When you reach a picture, leave it out; output everything else in the records exactly.

Data for this exercise:
━━━━

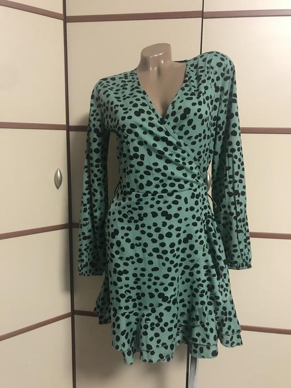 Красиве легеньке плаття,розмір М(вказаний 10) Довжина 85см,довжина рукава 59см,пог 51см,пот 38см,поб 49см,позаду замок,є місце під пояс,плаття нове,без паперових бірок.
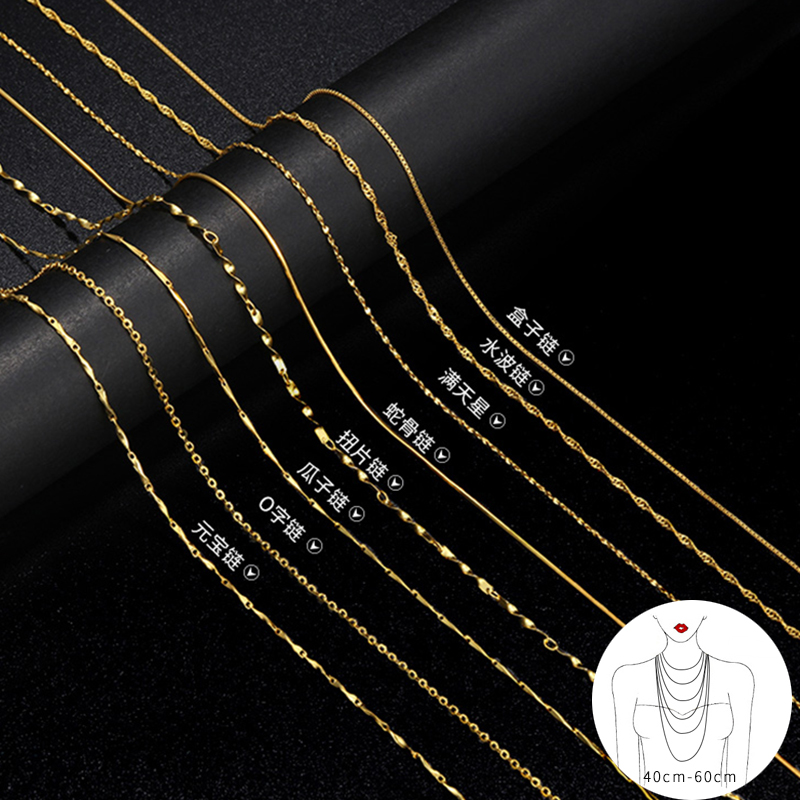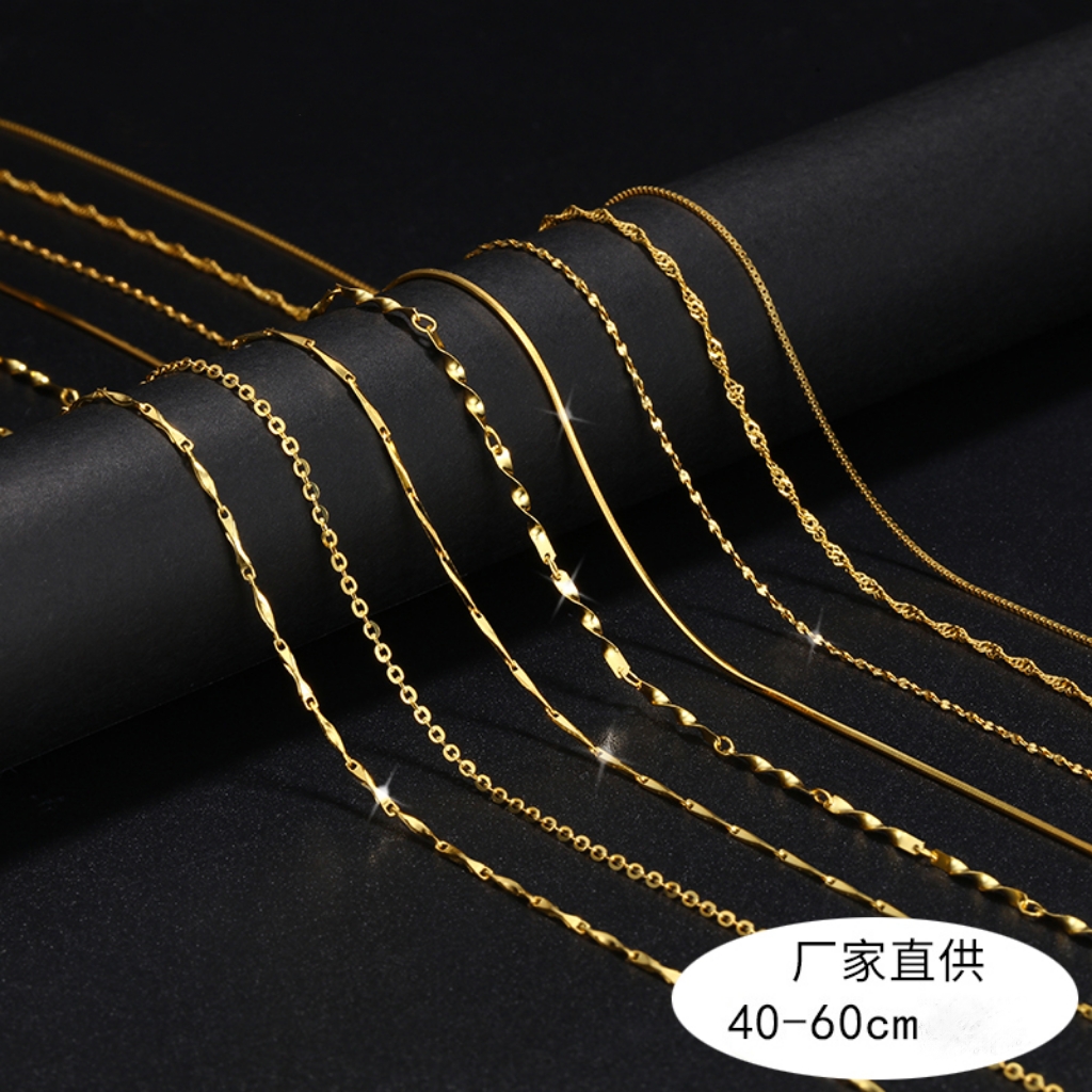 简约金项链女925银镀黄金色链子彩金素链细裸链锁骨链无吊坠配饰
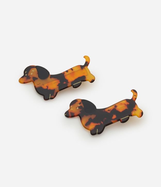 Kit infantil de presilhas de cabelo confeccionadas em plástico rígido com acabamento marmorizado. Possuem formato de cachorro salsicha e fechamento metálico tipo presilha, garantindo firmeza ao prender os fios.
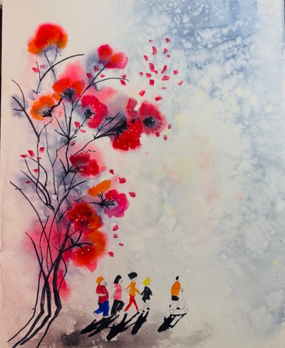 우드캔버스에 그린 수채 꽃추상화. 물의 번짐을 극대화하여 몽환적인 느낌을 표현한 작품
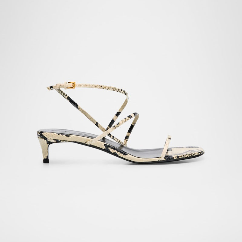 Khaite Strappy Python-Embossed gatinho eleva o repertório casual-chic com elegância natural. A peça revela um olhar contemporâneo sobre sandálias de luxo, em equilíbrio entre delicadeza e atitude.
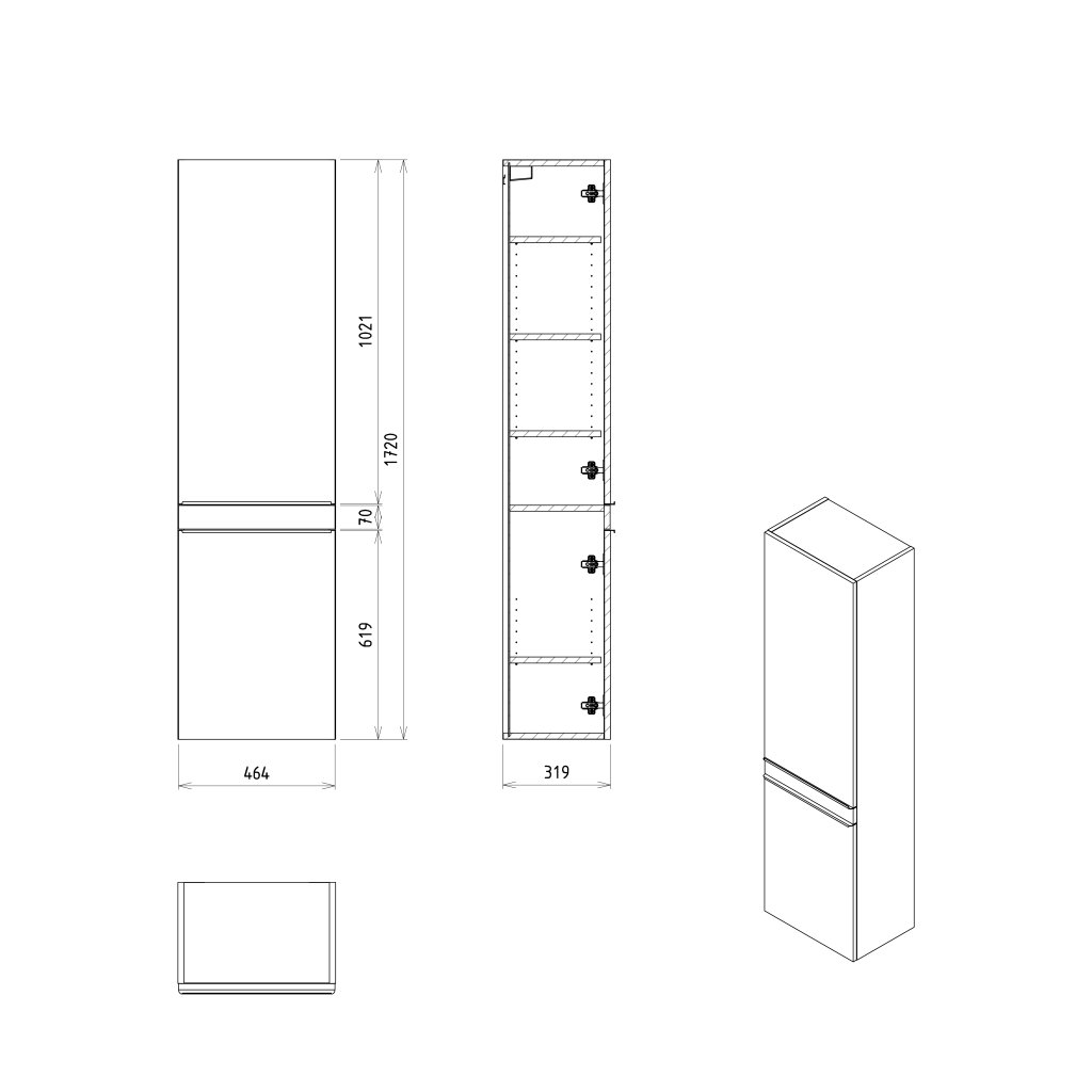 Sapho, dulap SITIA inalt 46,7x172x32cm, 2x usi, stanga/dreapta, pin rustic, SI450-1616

━━━━

Response to the exercise:
 Красиве легеньке плаття,розмір М(вказаний 10) Довжина 85см,довжина рукава 59см,пог 51см,пот 38см,поб 49см,позаду замок,є місце під пояс,плаття нове,без паперових бірок.
 简约金项链女925银镀黄金色链子彩金素链细裸链锁骨链无吊坠配饰
 Kit infantil de presilhas de cabelo confeccionadas em plástico rígido com acabamento marmorizado. Possuem formato de cachorro salsicha e fechamento metálico tipo presilha, garantindo firmeza ao prender os fios.
 우드캔버스에 그린 수채 꽃추상화. 물의 번짐을 극대화하여 몽환적인 느낌을 표현한 작품
 Khaite Strappy Python-Embossed gatinho eleva o repertório casual-chic com elegância natural. A peça revela um olhar contemporâneo sobre sandálias de luxo, em equilíbrio entre delicadeza e atitude.
 Sapho, dulap SITIA inalt 46,7x172x32cm, 2x usi, stanga/dreapta, pin rustic, SI450-1616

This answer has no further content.